Afghanistan to Zambia
Chronicles of a Footloose Forester
By Dick Pellek
Nairobi Bombing in 1998
Many years have passed since Al Qaida pulled off the attempted bombing of the US Embassy in Nairobi, Kenya. They didn’t manage to bring down the embassy building but they did manage to inflame the passions of the world that led to a severe weakening of Al Qaida and its message of hatred.
Regardless of what most people now remember about the 7 August 1998 bombing in Nairobi, strong visual reminders of that day remain in archival records. Unfortunately, the Newsweek photo of devastation shown below is not one of the US Embassy building itself, but that of a Kenyan business college building that was located adjacent to the embassy. A 100 foot wide walking mall separated the two buildings, sparing the US Embassy except for several windows that were blown out and extensive interior damage. Indeed, there were people killed (12) within the embassy by flying and shattered glass, but the building itself was otherwise intact after the bombing. Sadly, 218 students and staff of the Kenyan Business College were killed when their building crashed to the ground into a huge mound of rubble.
Alternative perspectives of the rubble and the still standing US Embassy building are available in various photo formats
The left rear corner of the US Embassy building is revealed in a Newsweek photo (not shown) above and another photo taken in August 1998, as shown below.
Some distorted headlines about the Nairobi bombing at the time gave the false impression that the rubble shown was the remains of the US Embassy. Inasmuch as this short chronicle has been deferred for 18 years does not lessen the veracity of its message: the carnage was horrendous but some photos misrepresent the facts on the ground.
Time will not lessen the sadness of that event in 1998. For the Footloose Forester it sadly marks another place where he once stood, walked, and even conducted business; only to have terrorist atrocities visit that same ground. Other places where death and destruction followed the Footloose Forester were at the Dominican Roman Catholic Church in Bahawalpur, Pakistan, the US Embassy in Dar-es-Saalam, Tanzania; and a beach hotel near Mombasa, Kenya.

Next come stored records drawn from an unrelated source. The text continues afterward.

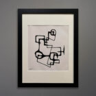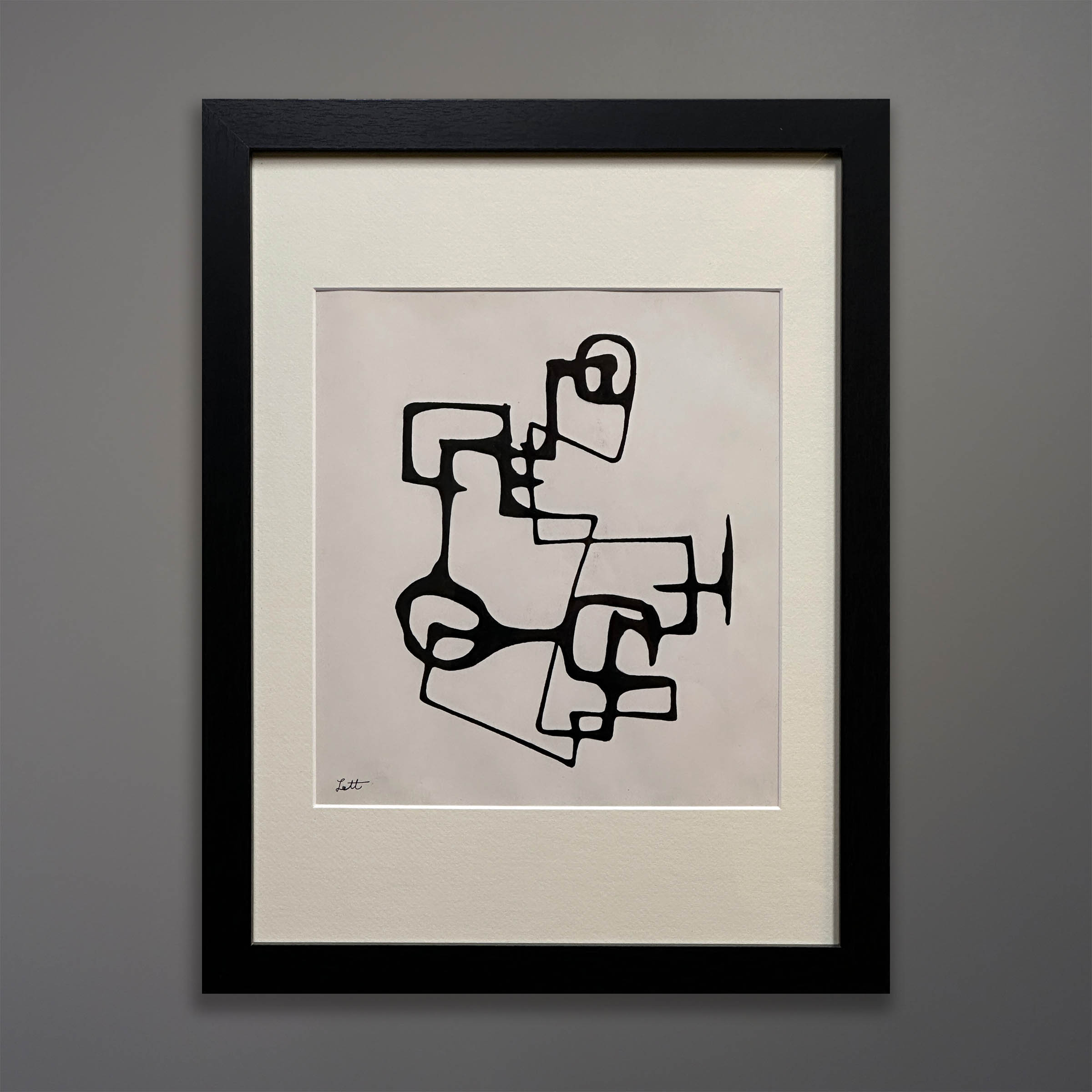Really good 1952 abstract drawing by Paul Lett. This original art illustrated a collection of 14 poems by Gil Orlovitz “Keep to Your Belly” published in 1952. Original ink drawing framed in black wood with gallery acrylic glazing and 4-ply acid-free mat. 14 x 18 inches.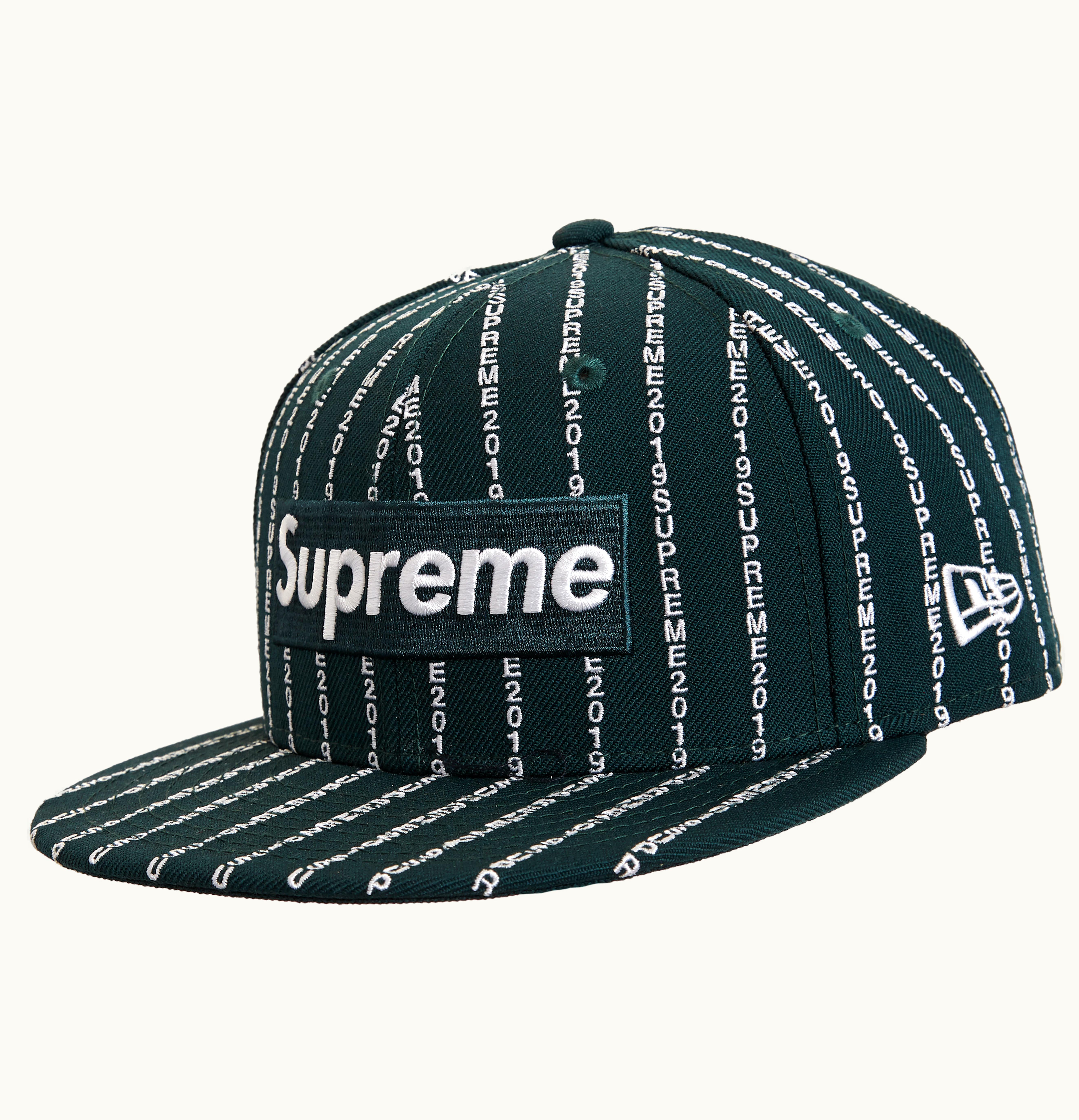 Supreme Text Stripe New Era Cap Dark Green | GLINT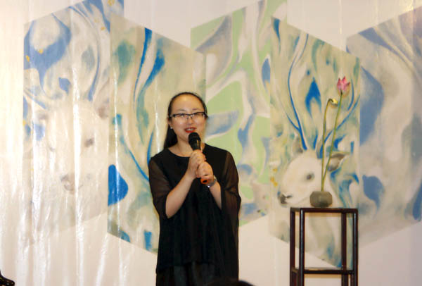 潘汶汛现任教于中国美术学院中国画系,她的作品具有深厚的传统素养与鲜明的个人风貌,是当今70后水墨艺术家中的重要代表人物。潘汶汛的作品刻意保持了与现实表象的距离,古雅素穆,透着天真纯粹的气息。画面的构成与设色,随心舒卷,人物与树石、莲花、小鹿等等构建了万物有灵的独特世界,这也是她内在精神世界和审美理想的象征。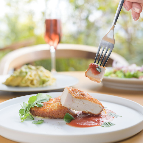 ランチはパスタなどの単品も気軽にお楽しみいただけます。カフェタイムには特製パンケーキや季節に合わせた様々なデザートを多数ご提供しています。フリードリンクとコースのパーティープランもご用意◎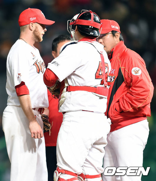 8일 오후 인천 문학구장에서 열린 '2015 타이어뱅크 KBO 리그' 인천 SK와 수원 kt의 경기,7회초 동점 허용한 SK 켈리 선발투수가 김상진 투수코치와 마운드서 이야기를 나누고 있다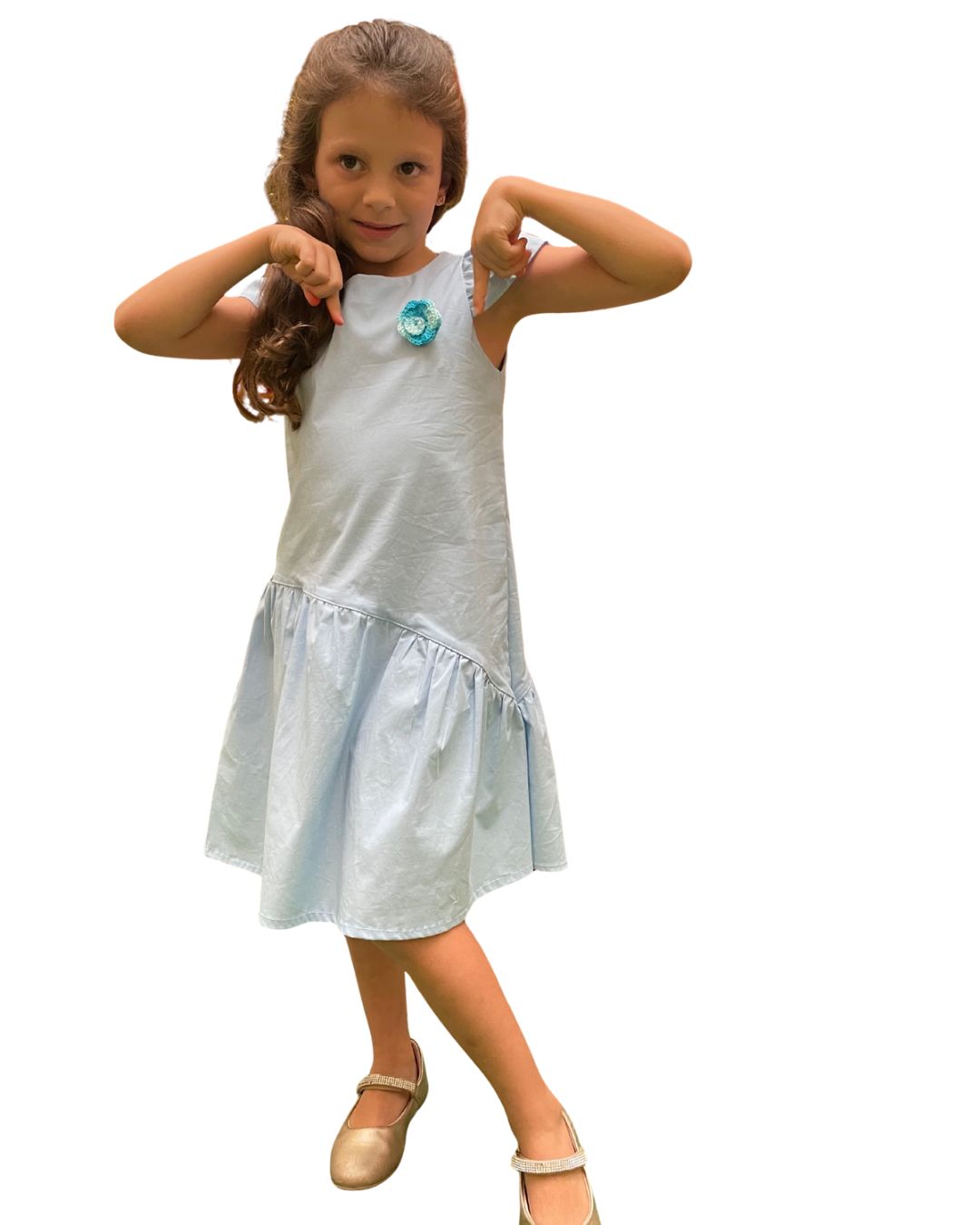 Vestido manga curta com cós assimétrico e cintura baixa, fechamento botão, flor decorativa em tricô.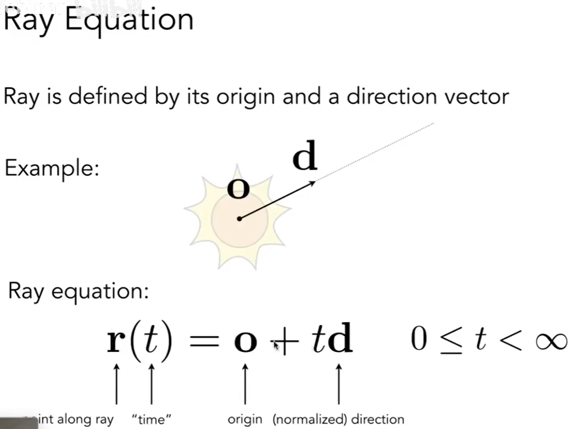 o :光线的起点 d :光线方向(单位向量) 由于光是射线, 所以t是时间 (0<= t <=无穷大)
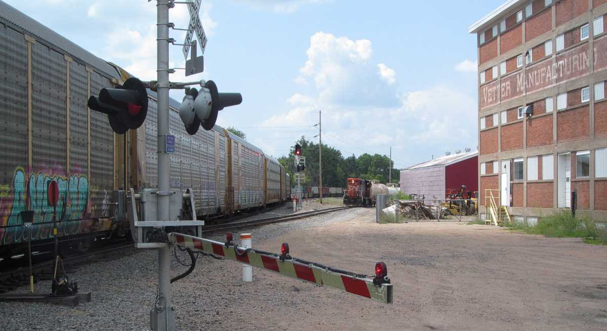 30 miles south is Adams, Wisconsin. Full of frac sand hoppers. Here's the west end of the yard where 14th Drive crosses 4 tracks. |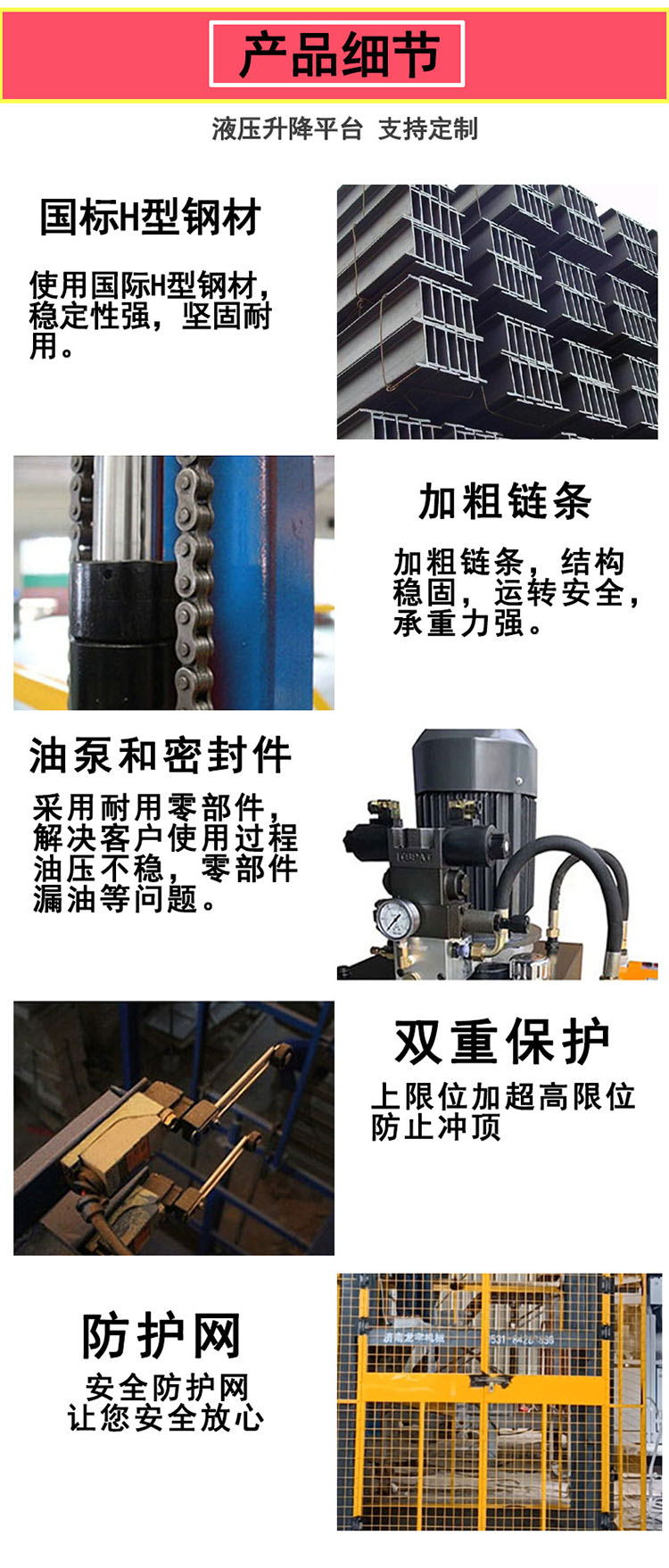 升降貨梯采用電動液壓運行原理,軌道式運行結(jié)構(gòu),升降平穩(wěn),承載量大,適合工廠、倉庫、車間、超市多種環(huán)境樓層貨物運送,因此也被稱作“運貨升降機”或“載貨電梯”。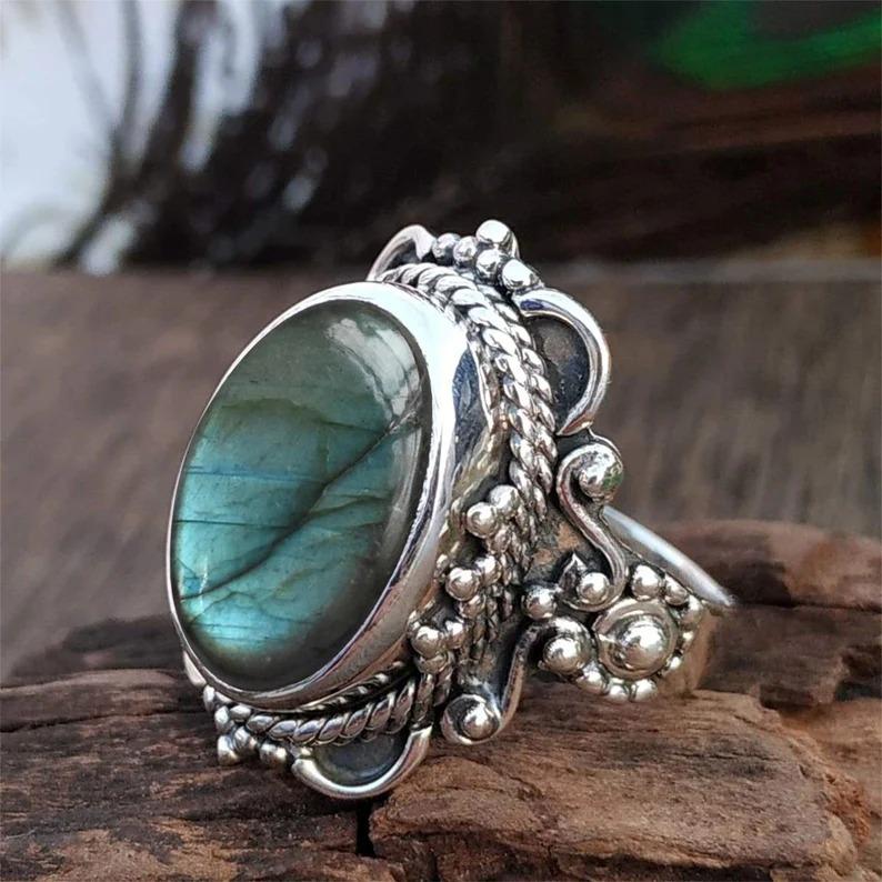 Овальное кольцо с лабрадоритом, кольцо из цельного серебра 925 пробы, кольцо ручной работы, дизайнерское кольцо, подарок для нее, кольцо с безелем

Some chronicles are rough and unpolished, much like this one is turning out to be. Until the story is related satisfactorily with other comparative photos of the rubble, many people will continue to believe that the US Embassy building was destroyed that day in August, 1988. Nonetheless, it is time to convert this sad story from a draft into a reminder that the world is still a dangerous place and our enemiies continue to plot against us.